• _How to complete this task_:
Look below for the line that contains "Today we take", then copy it and each following line exactly, through and including the line that contains "Tailored jacket with".

• _Data in this exercise_:
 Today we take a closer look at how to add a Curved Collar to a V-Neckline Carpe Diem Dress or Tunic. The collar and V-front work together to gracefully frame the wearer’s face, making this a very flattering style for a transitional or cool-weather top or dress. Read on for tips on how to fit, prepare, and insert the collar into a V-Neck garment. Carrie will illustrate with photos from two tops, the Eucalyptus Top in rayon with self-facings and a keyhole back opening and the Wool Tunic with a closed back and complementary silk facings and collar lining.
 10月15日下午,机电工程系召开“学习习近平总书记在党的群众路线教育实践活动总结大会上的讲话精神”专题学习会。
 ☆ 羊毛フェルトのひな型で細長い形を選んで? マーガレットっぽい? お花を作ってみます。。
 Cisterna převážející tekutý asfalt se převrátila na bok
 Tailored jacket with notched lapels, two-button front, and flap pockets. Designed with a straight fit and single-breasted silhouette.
---
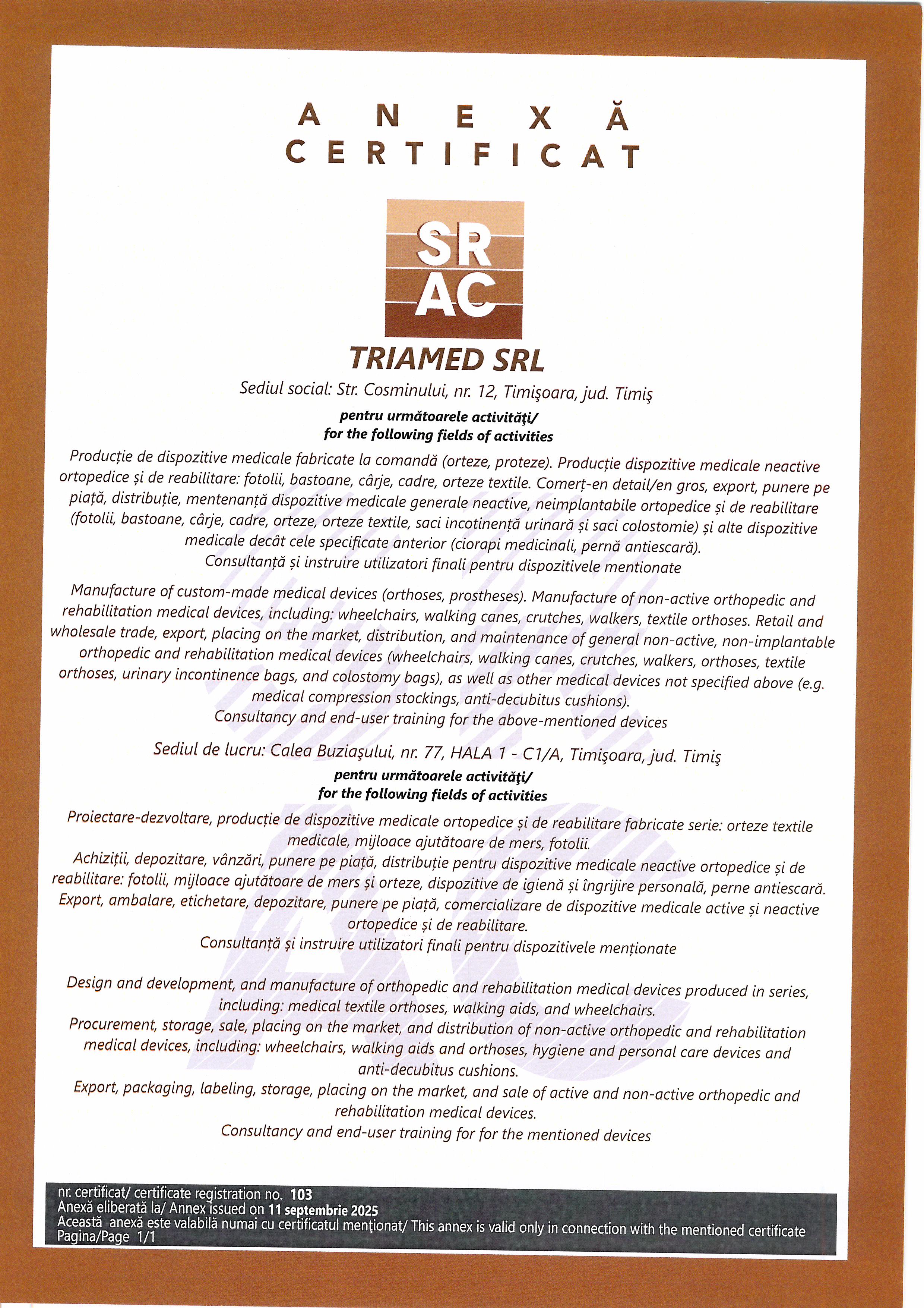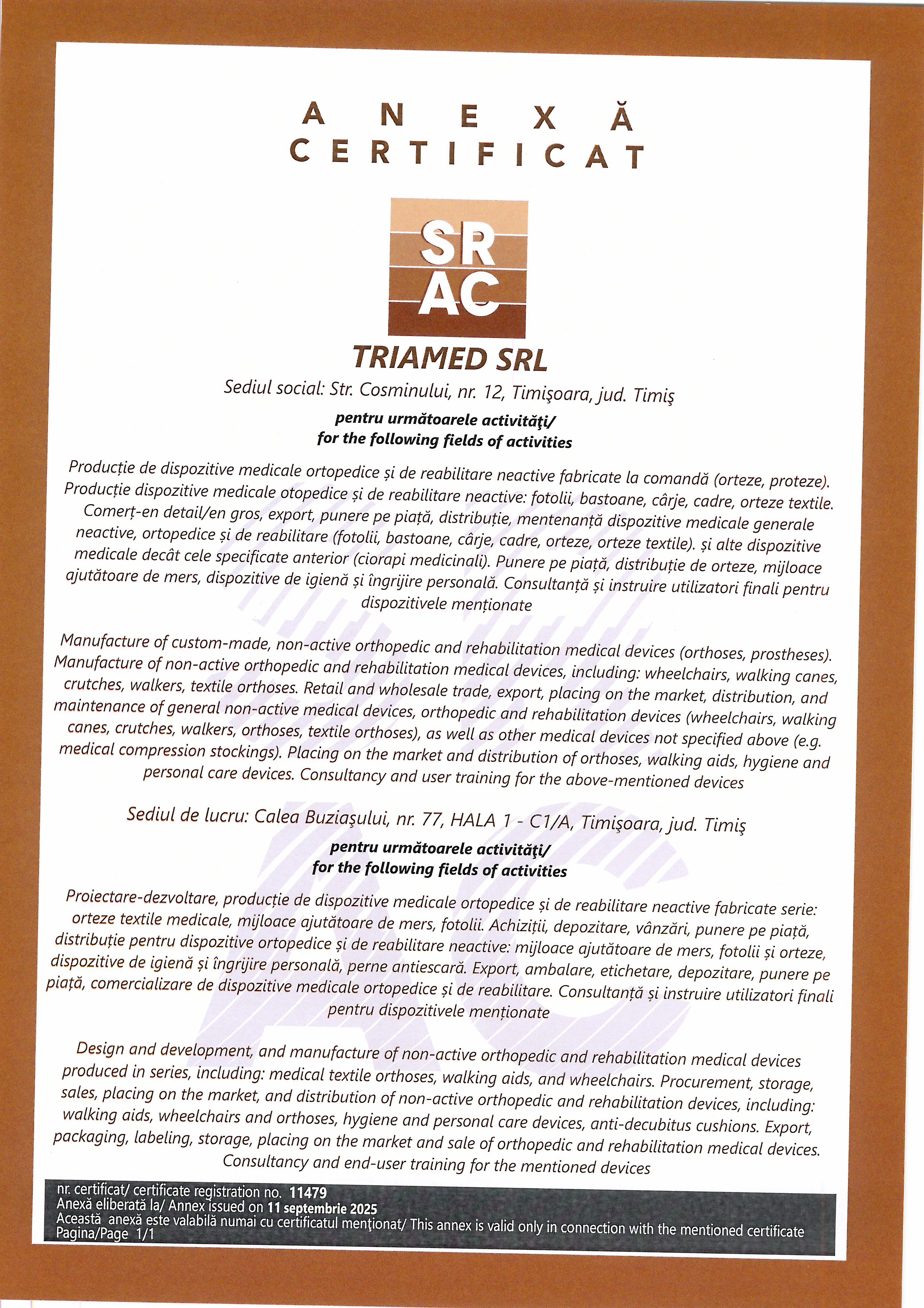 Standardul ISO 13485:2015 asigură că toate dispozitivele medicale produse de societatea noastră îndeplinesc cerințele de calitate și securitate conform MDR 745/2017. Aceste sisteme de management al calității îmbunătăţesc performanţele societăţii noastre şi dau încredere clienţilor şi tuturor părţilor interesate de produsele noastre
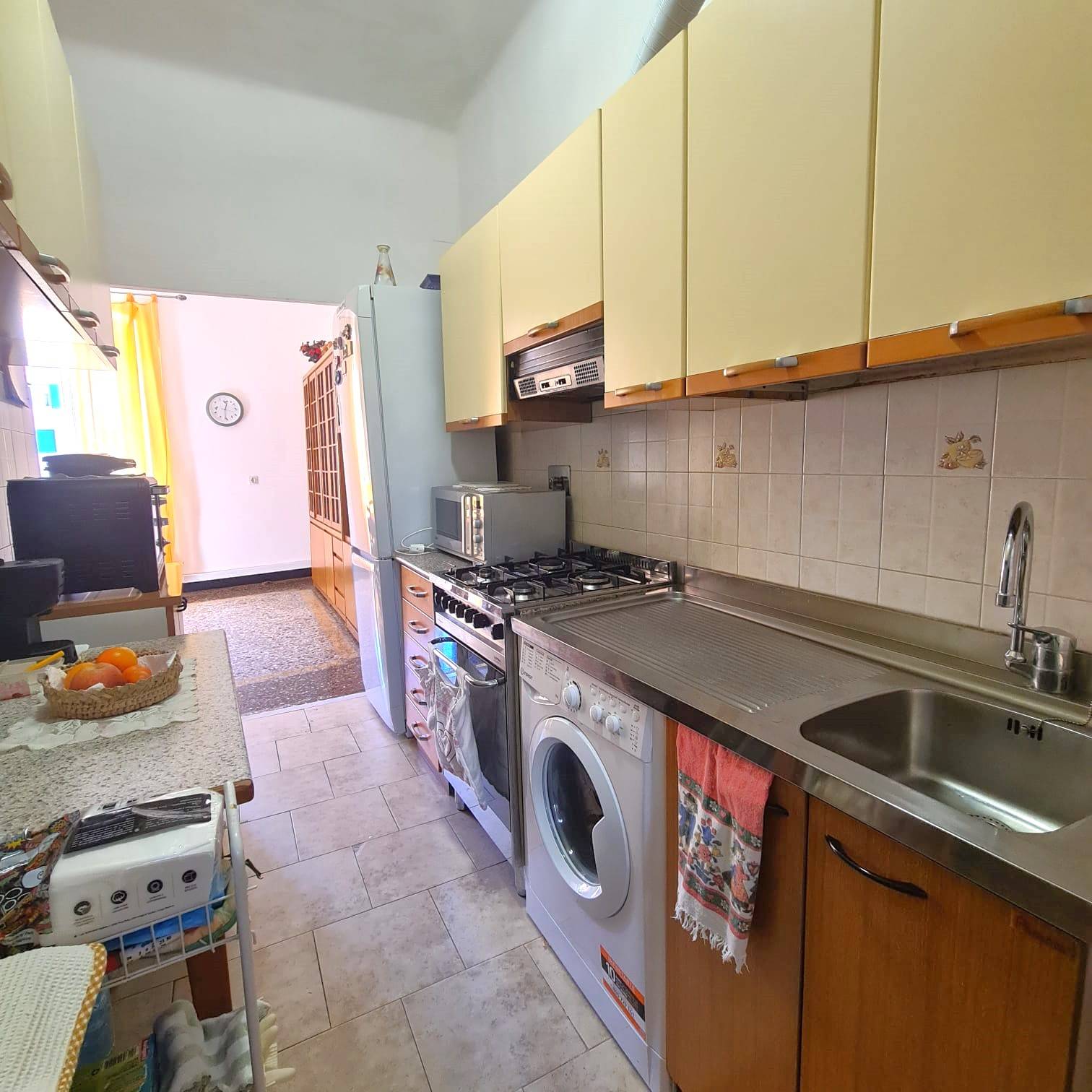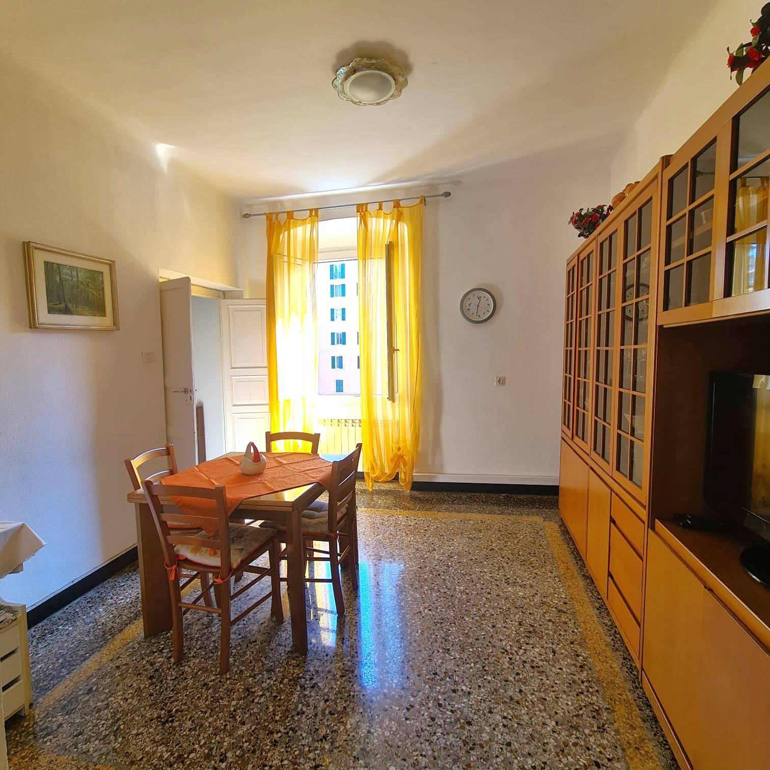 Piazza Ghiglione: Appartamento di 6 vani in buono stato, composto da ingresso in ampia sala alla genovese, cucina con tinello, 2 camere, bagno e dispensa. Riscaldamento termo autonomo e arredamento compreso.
==
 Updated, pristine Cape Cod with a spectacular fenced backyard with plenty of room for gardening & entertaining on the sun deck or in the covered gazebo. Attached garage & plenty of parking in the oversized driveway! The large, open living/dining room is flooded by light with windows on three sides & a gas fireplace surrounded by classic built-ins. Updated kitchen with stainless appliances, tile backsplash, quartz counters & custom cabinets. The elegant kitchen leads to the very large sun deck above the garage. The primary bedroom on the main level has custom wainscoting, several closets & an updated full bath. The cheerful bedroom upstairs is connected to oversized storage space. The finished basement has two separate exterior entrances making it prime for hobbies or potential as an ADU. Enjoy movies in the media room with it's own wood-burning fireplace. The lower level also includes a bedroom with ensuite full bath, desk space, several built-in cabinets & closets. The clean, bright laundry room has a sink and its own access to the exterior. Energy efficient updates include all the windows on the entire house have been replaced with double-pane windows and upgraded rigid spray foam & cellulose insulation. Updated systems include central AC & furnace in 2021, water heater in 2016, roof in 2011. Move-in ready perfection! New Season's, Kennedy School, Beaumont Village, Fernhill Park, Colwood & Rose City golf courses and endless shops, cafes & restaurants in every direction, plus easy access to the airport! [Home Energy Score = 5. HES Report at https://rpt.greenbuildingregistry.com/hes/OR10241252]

• _Answer box_:
 Today we take a closer look at how to add a Curved Collar to a V-Neckline Carpe Diem Dress or Tunic. The collar and V-front work together to gracefully frame the wearer’s face, making this a very flattering style for a transitional or cool-weather top or dress. Read on for tips on how to fit, prepare, and insert the collar into a V-Neck garment. Carrie will illustrate with photos from two tops, the Eucalyptus Top in rayon with self-facings and a keyhole back opening and the Wool Tunic with a closed back and complementary silk facings and collar lining.
 10月15日下午,机电工程系召开“学习习近平总书记在党的群众路线教育实践活动总结大会上的讲话精神”专题学习会。
 ☆ 羊毛フェルトのひな型で細長い形を選んで? マーガレットっぽい? お花を作ってみます。。
 Cisterna převážející tekutý asfalt se převrátila na bok
 Tailored jacket with notched lapels, two-button front, and flap pockets. Designed with a straight fit and single-breasted silhouette.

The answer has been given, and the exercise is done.